His widow, Maria Margareta, sold the house on 19.10.1772 to her only son, Georg Alexander Mayer (Meyer), who, like his father, was also a butcher by trade. He had been born in 1745 and married Anna Barbara Mayer, daughter of leather manufacturer Michael Mayer and Maria Margareta Schober, in 1772. She died at the young age of 24 in 1777, when her daughter was less than a year old and her son only four. Her widower, Georg Alexander Mayer, married Elisabeth Hummer from Parkstein. Their only child, Johann Karl, died immediately after his birth in 1780.

Mr. and Mrs. Alexander and Elisabeth Meyer sold the "house on the square between the houses belonging to Andrä Schober, baker and confectioner, and Erhard Roscher, butcher" to Johann Christian Dienstl, an unmarried soon-to-be master comb-maker, for 1850 gulden on 15.1.1782. Johann Christian Dienstl went on to marry Maria Regina Herbst from Vilseck in 1789. Of the 10 children that the Dienstls had, 3 boys and 3 girls died as young children. In the property tax register of 1808, the house is described as follows: "the residence of the comb-maker in the city", Johann Christian Dienstl, a spacious dwelling in the city between the houses belonging to Erhard Roscher and Joseph Fruth with personal brewing entitlement and the trade of comb-maker. The yearly tax for the estate amounted to 17 gulden and 25 kreuzer.

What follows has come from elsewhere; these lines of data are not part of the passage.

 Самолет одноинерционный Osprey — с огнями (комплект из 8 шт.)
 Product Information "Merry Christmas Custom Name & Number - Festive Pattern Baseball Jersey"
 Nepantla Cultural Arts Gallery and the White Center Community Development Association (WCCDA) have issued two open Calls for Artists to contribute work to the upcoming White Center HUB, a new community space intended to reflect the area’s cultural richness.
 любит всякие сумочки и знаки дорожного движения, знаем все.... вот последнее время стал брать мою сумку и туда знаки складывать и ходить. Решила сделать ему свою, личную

Daughter Margarethe Dienstl and her intended husband, city clerk Zachäus Eduard Herrmann, bought the three-storey house in the city with barn and land from her parents for 3500 gulden on 7.8.1833. In the old land register from 1841, the estate at house number 93 in Weiden, plan number 110, is described as follows: "... the residence of city clerk Eduard Herrmann. Dwelling, stable and courtyard 0.10 Tagwerk (unit of land measurement). The estate includes a barn at the church of St. Sebastian, a rock cellar at the Weißes Kreuz hotel, a garden on Schanzgraben, meadows and arable land 35.30 Tagwerk and 10.92 Tagwerk of woodland”. The following entry has been made under “Special Circumstances”: This house shares wall and gutter entitlement with neighboring house no. 92 (today Unterer Markt 7). The upper gutter against house no. 94 (today Fleischgasse 1) is maintained solely by the owner of house no. 93, the courtyard wall against the same house is shared.

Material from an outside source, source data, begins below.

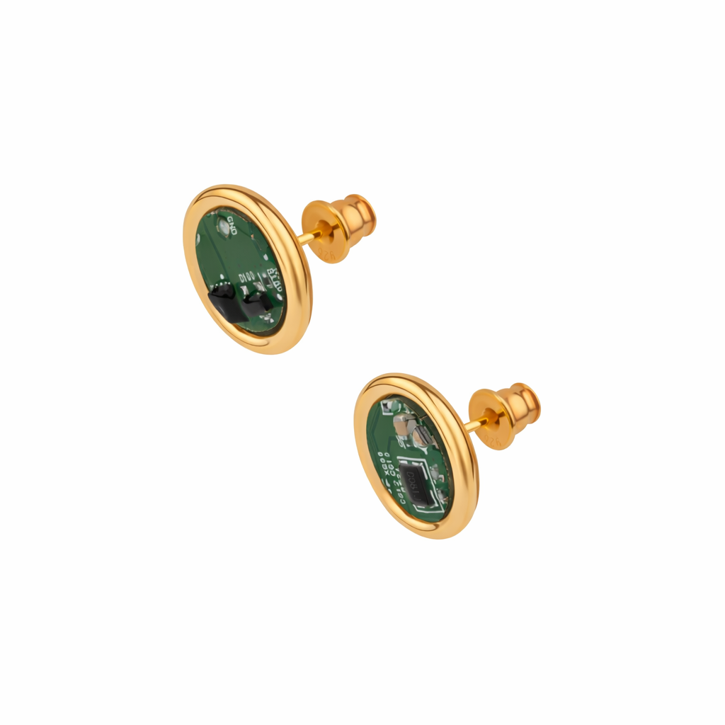 Subtelne kolczyki sztyfty wykonane z pozłacanego srebra oraz fragmentu układu scalonego to minimalistyczny i ponadczasowy element biżuterii codziennej. Do ich produkcji wykorzystano zużyte układy scalone, czyli fragmenty elektroniki, które pochodzą z samochodów marki Volvo.
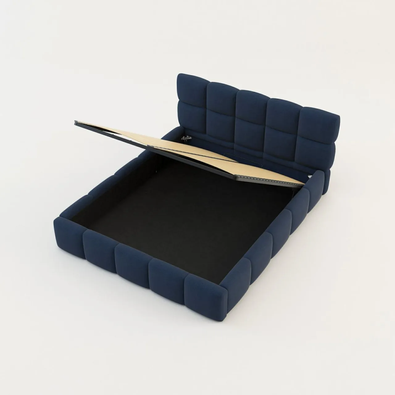 - Pod stelażem znajduje się pojemna skrzynia: wykorzystaj ją do przechowywania pościeli, koców lub innych tekstyliów.
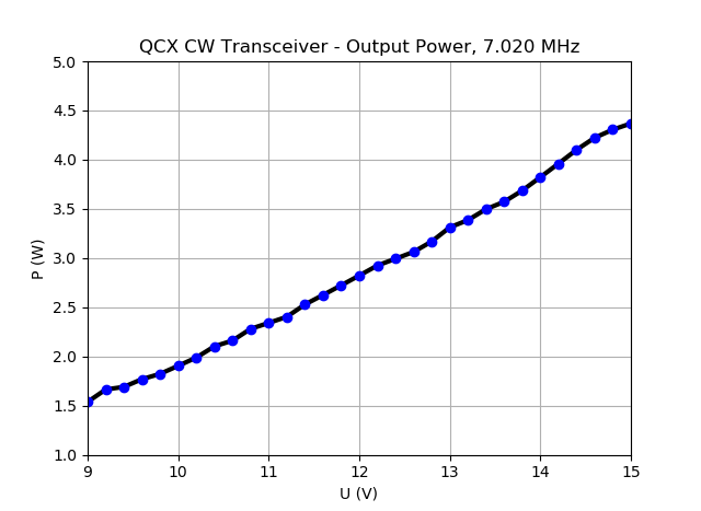 I have performed a quick measurement of the output power measuring the pak-to-peak voltage across a 50-Ohm dummy load. The results can be seen in the following figure. From the practical point of view when the transceiver is used on battery power, the output power is 2 - 3 W, so a good antenna is needed. :)
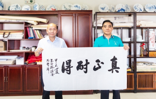 7月30日,國家一級特型演員、朱德總司令扮演者陶賢鋒大校(陶辛鎮(zhèn)友誼村人),來到故鄉(xiāng)蕪湖市灣沚區(qū),走進蕪湖耐得膠管閥業(yè)有限公司與企業(yè)和詩書畫學會部分藝術愛好者進行座談交流。座談期間氣氛歡快愉悅,大家暢所欲言。應大家誠摯邀請,陶賢鋒大校揮毫潑墨,現場書寫并贈送了“丹青逐夢送輝煌,翰墨禮贊新時代”、“真正耐得”等書法作品。
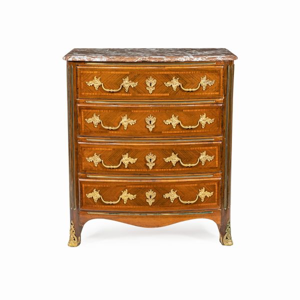Francia, XIX Sec. fronte con quattro cassetti, maniglie e fregi in bronzo dorato e cesellato, piano in marmo rosso di Francia
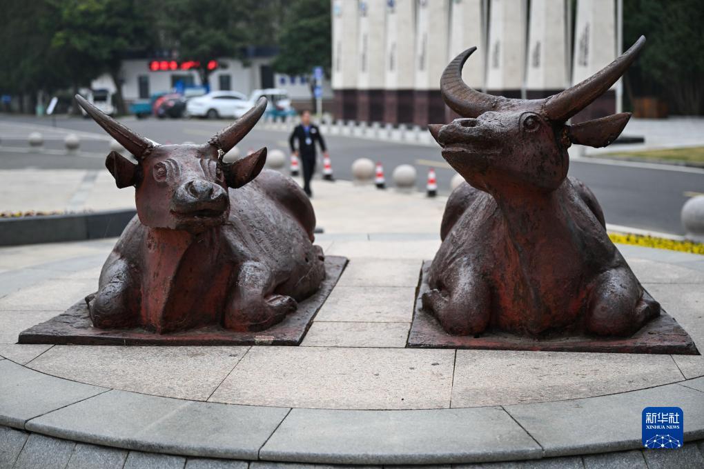 三河闸展示的清代镇水铁牛(11月9日摄)。新华社记者 季春鹏 摄

Mr. and Mrs. Herrmann-Dienstl had 8 children. Their son, Joseph Johann Herrmann, came into the world in this house in 1836. After attending school in Weiden and Amberg, he studied law and joined the Bavarian civil service. From 1889 until 1895, he was a member of the Lower House of Parliament in Munich for the constituency of Weiden. Joseph Herrmann then represented the Kingdom of Bavaria in the Federal Council and was particularly involved in the passing of social legislation. He was given the freedom of his home city of Weiden and, as a state councilor, he was raised to the peerage as Ritter von Herrmann. He died in 1914 in Munich, where his father had also died before him in 1854. His mother died in Weiden in 1899 at the age of 93. The house at Unterer Markt 9 remained in the possession of Margarete Herrmann, a woman of independent means who died in Weiden in 1921 aged 75.

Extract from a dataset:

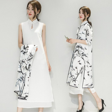中國風旗袍寬松腰水墨印花七分袖兩件套連衣裙2016春夏新款 女 /
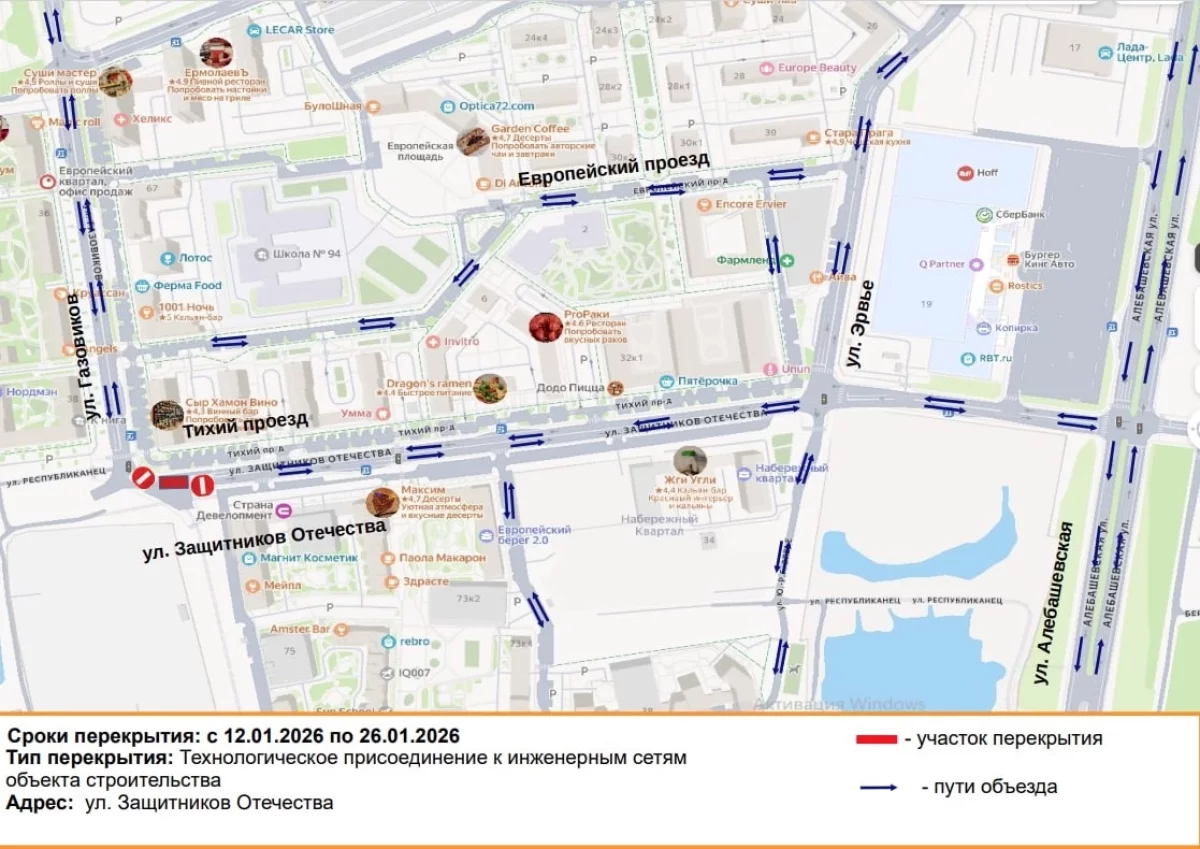 С 12 по 26 января в Тюмени будет закрыт проезд по улице Защитников Отечества в районе перекрестка с улицей Газовиков. Ограничения связаны с продолжением строительства тепловой сети — работы возобновляет компания УСТЭК.

The estate passed to the regional court physician Dr. med. Gustav Vierling. His relative, the academic painter and sculptor Wilhelm Vierling, created the St. George for the house above the archway with the Vierling family symbol, the horizontal half eight.

His widow, Hedwig Vierling, sold the house to the fruit wholesaler Max Gottschalk prior to World War Two. The latter’s widow, Betty, ran the business as a food and fruit store until its sale in the 80s to Robert Müller.